■ EXERCISE AIM ■
Return the lines below exactly, please, from the one containing "Promotores de Resoform, Primer" through the last one, both included, and leave out any pictures.

■ DATA FOR THIS TASK ■
****************************************

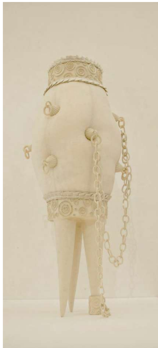
Lundi 11 avril 2016 grés, porcelaine, Émaux, textile cousue
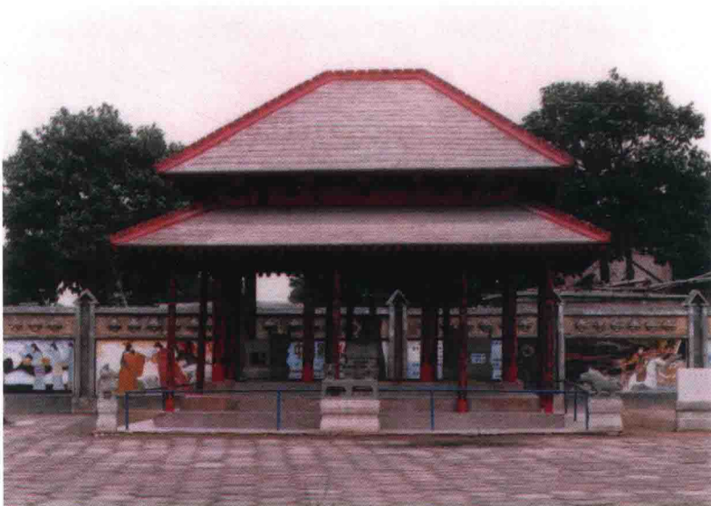
妇好墓上享堂复原建筑照

妇好墓的墓圻呈长方形竖井状，墓口南北长5.6米，东西宽4米，深7.5米。其东西两壁上各有一个壁龛，龛内埋有殉葬人。墓内有木椁和木棺，但是棺内人骨已经严重腐朽，未能见到骨骸。在墓内多个地方，至少发现了16个殉葬人的遗骸。经鉴定，共有成年男性4人，成年女性2人，儿童2人，其余8人均为零散肢骨。这中间，至少可以确认一人是被砍头、一人被腰斩杀害的。另外，还有殉葬狗6条。
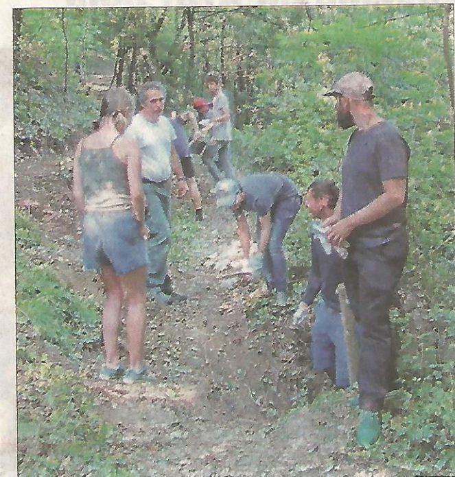
Le chantier est assuré par des jeunes venus du monde entier.
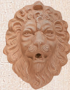
ART. 43 LEONE
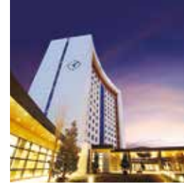
Acıbadem Üniversitesi Atakent Hastanesi
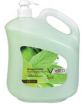
Herbal For All Hair Types
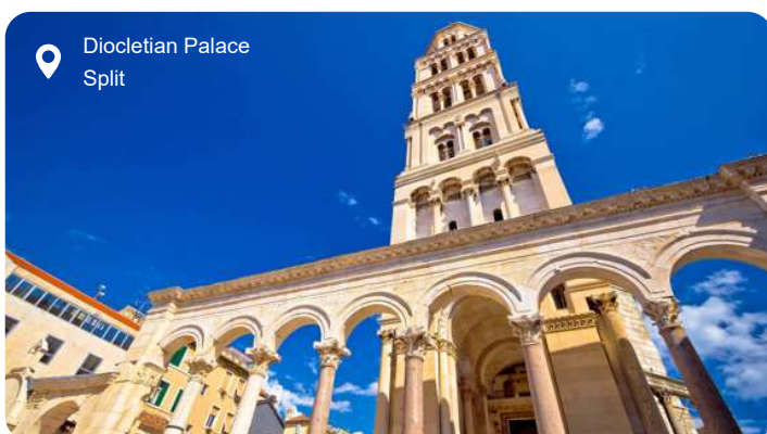
Diocletian Palace Split

Den livlige, kroatisk kulturby Splits fortryllende, gamle bykerne kan spore sine rødder tilbage til Antikken, hvor Split var under romersk herredømme. Her forenes fortid og nutid med romerske paladser på den ene side og moderne arkitektur og butikker på den anden. Omdrejningspunktet i den gamle bydel er den romerske kejser Diocletians palads med 16 tårne og 3 templer fra år 295. Paladset er siden ombygget og tilpasset flere gange af efterkommende herskere og ligger i dag meget tæt på Rivaen – den pulserende og fashionable, palmefyldte gade ved vandet, hvor du finder butikker og caféer og kan beskue det lokale liv. Yndede udfugtsmål fra Split inkluderer de gamle byer Solin og Trogir med mange levn fra Antikken og Krka Nationalpark med smukke vandfald, vandmøller og betagende landskaber.
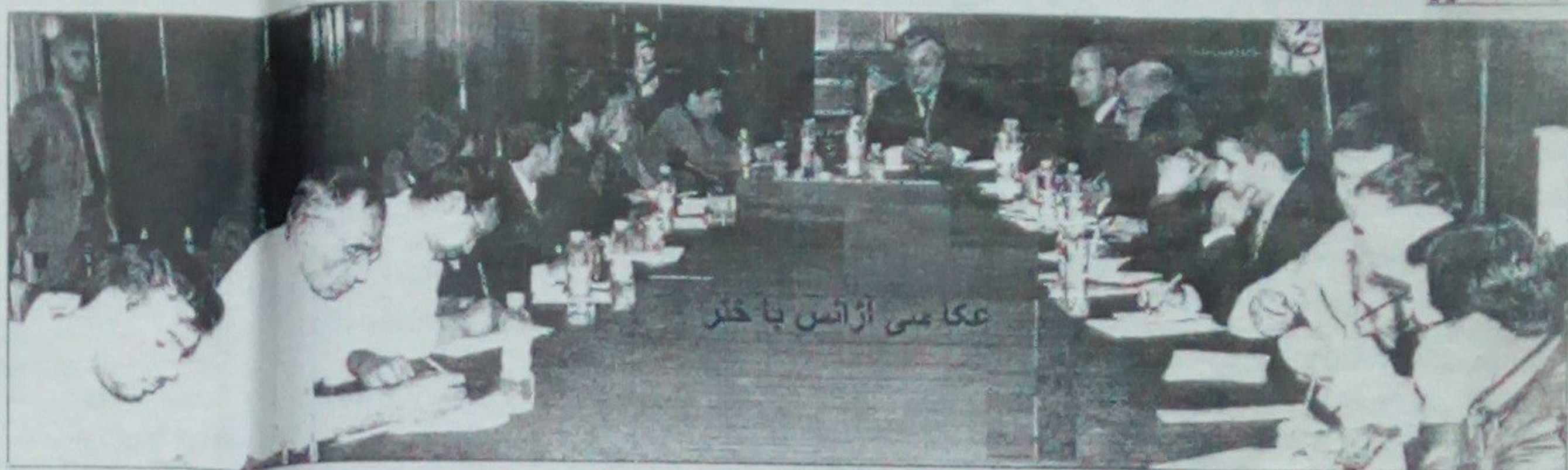
عکاسی از ایتار معلولان
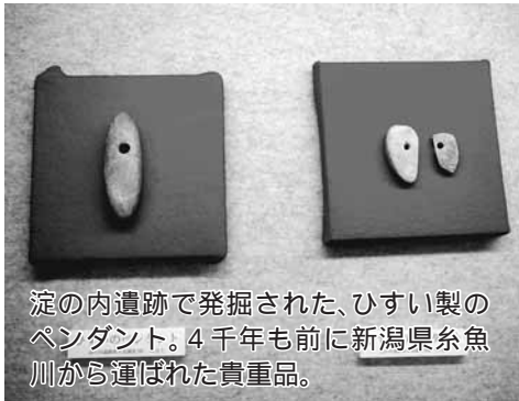
淀の内遺跡で発掘された、ひすい製のペンダント。4千年も前に新潟県糸魚川から運ばれた貴重品。
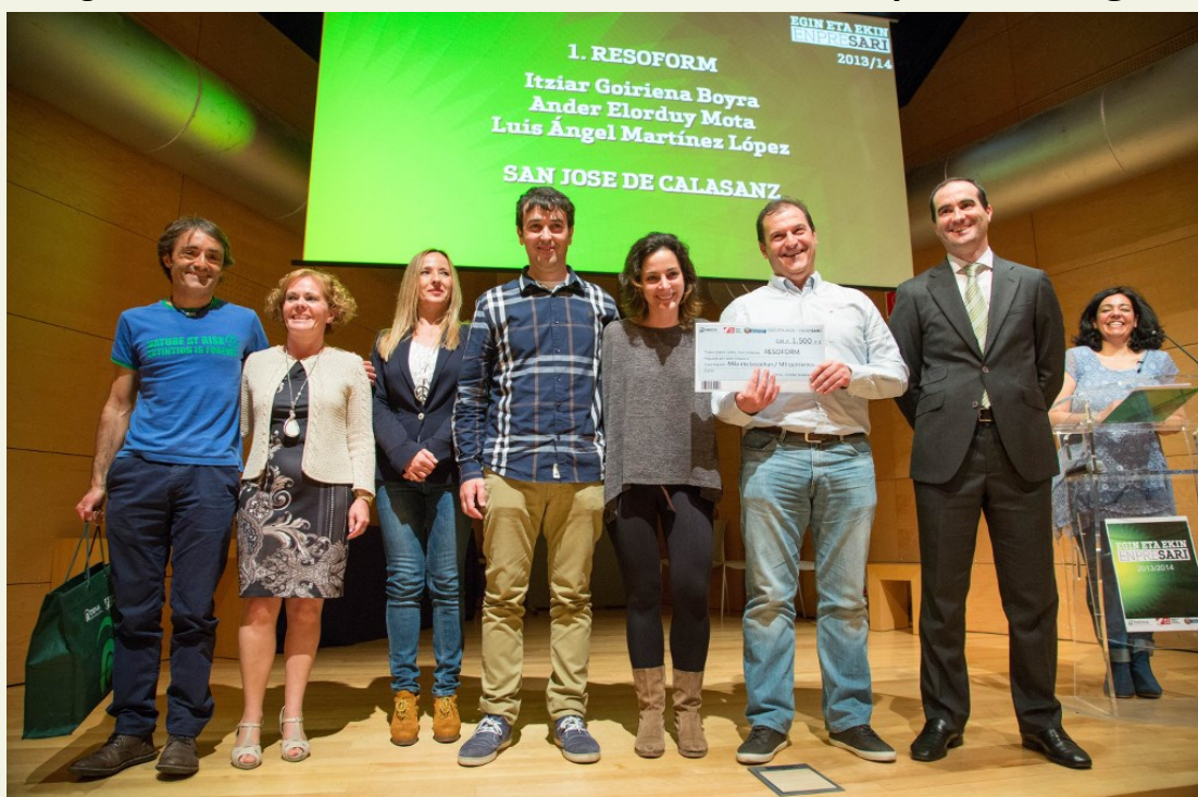
Promotores de Resoform, Primer Premio, junto a autoridades de la Diputación y DEMA

RESOFORM , una idea de Plan de negocio de tres alumnos de Imagen para el Diagnóstico obtiene el 1º premio de Egin eta Ekin Enpresari (DEMA) y RE(SLC)ICLA , otra idea de negocio de tres alumnas de 4º de ESO obtiene el 1º premio de Egin eta Ekin .
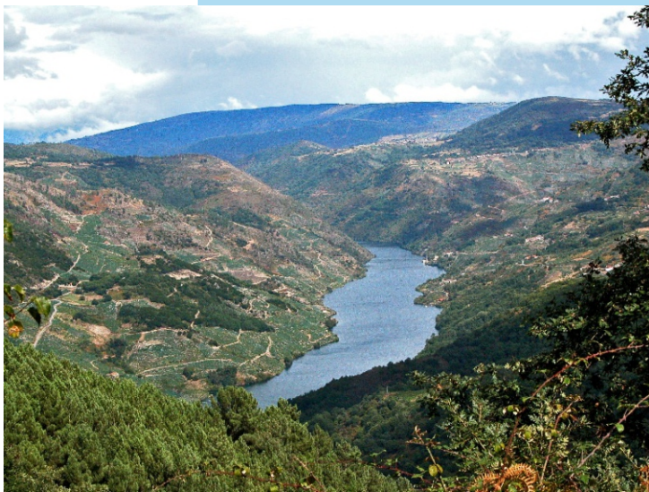
O Canón do Sil en Cristosende.
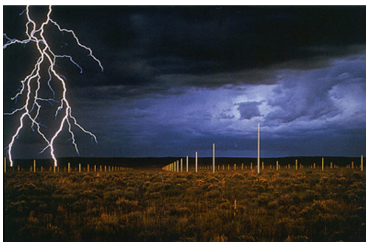
WALTER DE MARIA, The Lightning Field (1977)
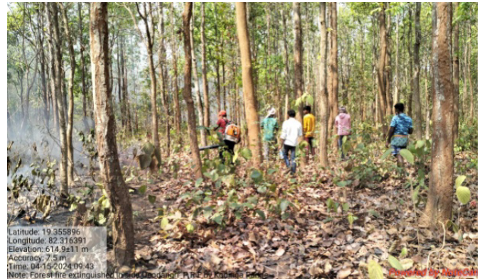
ନବରଙ୍ଗପୁର ବନଖଣ୍ଡ ଦେଓଡ଼ଙ୍ଗରୀ ପ୍ରସ୍ତାବିତ ସଂରକ୍ଷିତ ଜଙ୍ଗଲରେ ବନାଗ୍ନି ନିୟନ୍ତ୍ରଣ କାର୍ଯ୍ୟ
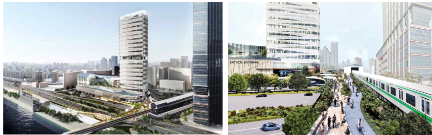
[동서울터미널 개발 제안(안)]

또한, 서울특별시는 현재 버스터미널 단일 용도로만 활용되고 있는 해당 도시계획시설 부지를 다양한 용도로 활용 가능하도록 도시관리계획 변경을 논의할 예정이다.
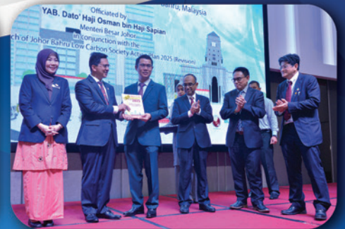
PERSIDANGAN ANTARABANGSA ASIA & SERANTAU (ICLCA)
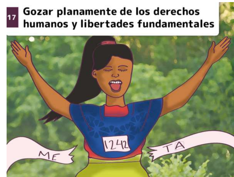
17 Gozar plenamente de los derechos humanos y libertades fundamentales

****************************************

■ RESPONSE BELOW ■
Promotores de Resoform, Primer Premio, junto a autoridades de la Diputación y DEMA

RESOFORM , una idea de Plan de negocio de tres alumnos de Imagen para el Diagnóstico obtiene el 1º premio de Egin eta Ekin Enpresari (DEMA) y RE(SLC)ICLA , otra idea de negocio de tres alumnas de 4º de ESO obtiene el 1º premio de Egin eta Ekin .
O Canón do Sil en Cristosende.
WALTER DE MARIA, The Lightning Field (1977)
ନବରଙ୍ଗପୁର ବନଖଣ୍ଡ ଦେଓଡ଼ଙ୍ଗରୀ ପ୍ରସ୍ତାବିତ ସଂରକ୍ଷିତ ଜଙ୍ଗଲରେ ବନାଗ୍ନି ନିୟନ୍ତ୍ରଣ କାର୍ଯ୍ୟ
[동서울터미널 개발 제안(안)]

또한, 서울특별시는 현재 버스터미널 단일 용도로만 활용되고 있는 해당 도시계획시설 부지를 다양한 용도로 활용 가능하도록 도시관리계획 변경을 논의할 예정이다.
PERSIDANGAN ANTARABANGSA ASIA & SERANTAU (ICLCA)
17 Gozar plenamente de los derechos humanos y libertades fundamentales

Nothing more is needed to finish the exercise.